▸ **WHAT NEEDS TO BE DONE**: Beginning with the line that contains "Un badge rose, double", reproduce every line through the end of the records below exactly, and leave the pictures out.

Top of DATA IN THIS EXERCISE

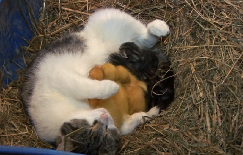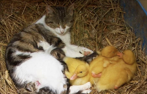 Вскоре у Даллы появились котенки, и одновременно с этим событием на ферме родились утята. Однако у утят не было матери. Из своего уютного уголка Далла заметила птенцов, и что-то в их писке задело за живое в ее материнской душе. Она тут же принялась заботиться о птенцах, перетащив их к себе и обогревая своим телом.
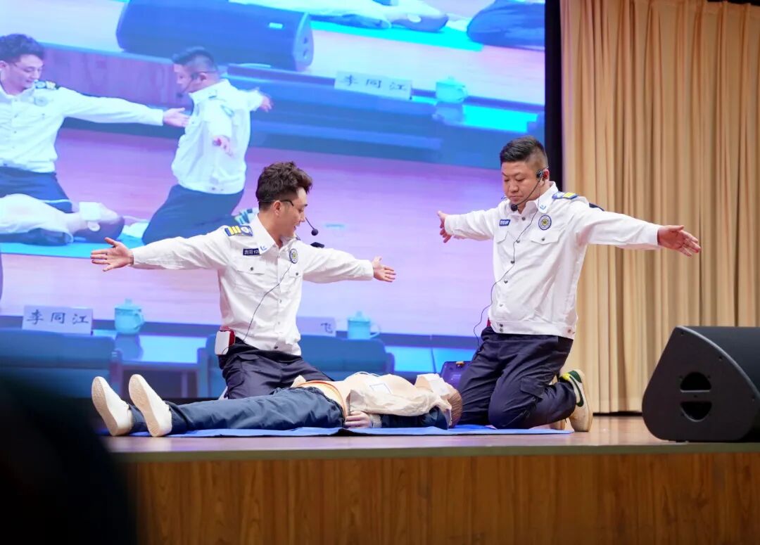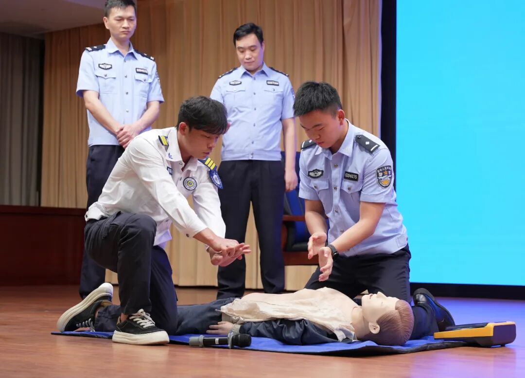 为了让民警能更好地掌握急救技能,培训特别设置了现场演示和实操环节,贵阳市第四人民医院(贵阳市骨科医院)急诊科医护团队利用人体模型,详细讲解心肺复苏的操作步骤和细节,就按压位置、力度和人工呼吸关键技巧等不易掌握的操作要点进行了示范,参训民警认真学习、积极参与,纷纷上前进行实操练习。培训结束后,参加培训的民警表示,参加急救知识和技能培训,不仅学到了急救技能,更增强了守护生命“救”在身边的意识。
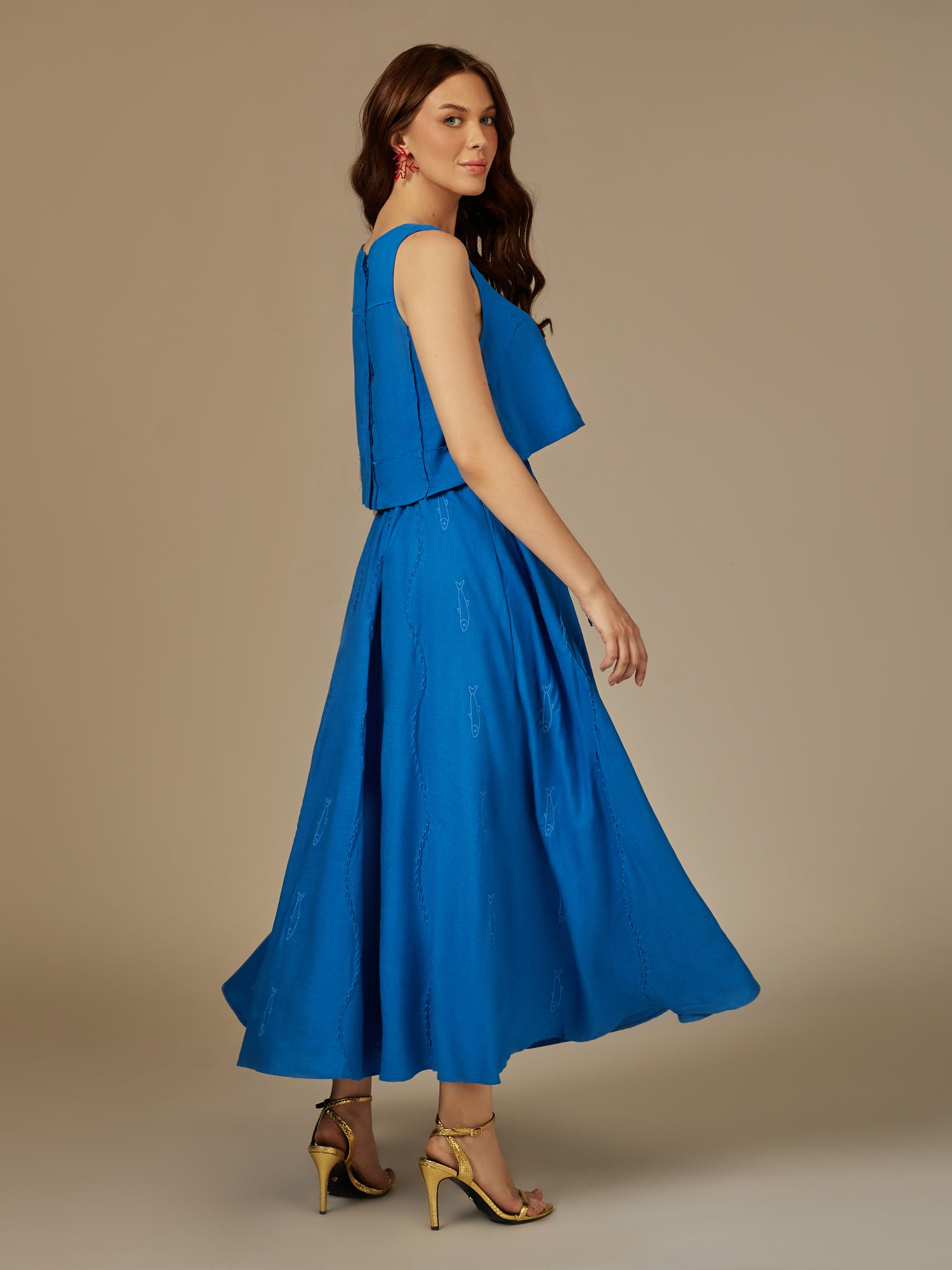 طقم ازرق بلوزة و تنورة مزينة بتموجات و تطريز سمك
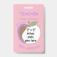 Un badge rose, double face pour les enseignants avec une pomme. A L'AVANT : ajouter le titre (position : enseignant, assistant enseignant, bibliothécaire, directeur, etc.). Ajoutez le nom de l'école et l'année scolaire, ce badge sera valide. remplacer l'image par une photo de 2 po x 2 po de l'employé de l'école. Sous la pomme, ajoutez le nom. Remplissez LE RETOUR avec le texte supplémentaire dont vous avez besoin. Il s'agit également d'un espace blanc prévu pour une signature ou un code à barres.
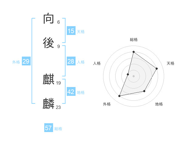 向後 麒麟さんの総格は57画の4点!

Bottom of DATA IN THIS EXERCISE

▸ **EXERCISE SOLUTION**:
 Un badge rose, double face pour les enseignants avec une pomme. A L'AVANT : ajouter le titre (position : enseignant, assistant enseignant, bibliothécaire, directeur, etc.). Ajoutez le nom de l'école et l'année scolaire, ce badge sera valide. remplacer l'image par une photo de 2 po x 2 po de l'employé de l'école. Sous la pomme, ajoutez le nom. Remplissez LE RETOUR avec le texte supplémentaire dont vous avez besoin. Il s'agit également d'un espace blanc prévu pour une signature ou un code à barres.
 向後 麒麟さんの総格は57画の4点!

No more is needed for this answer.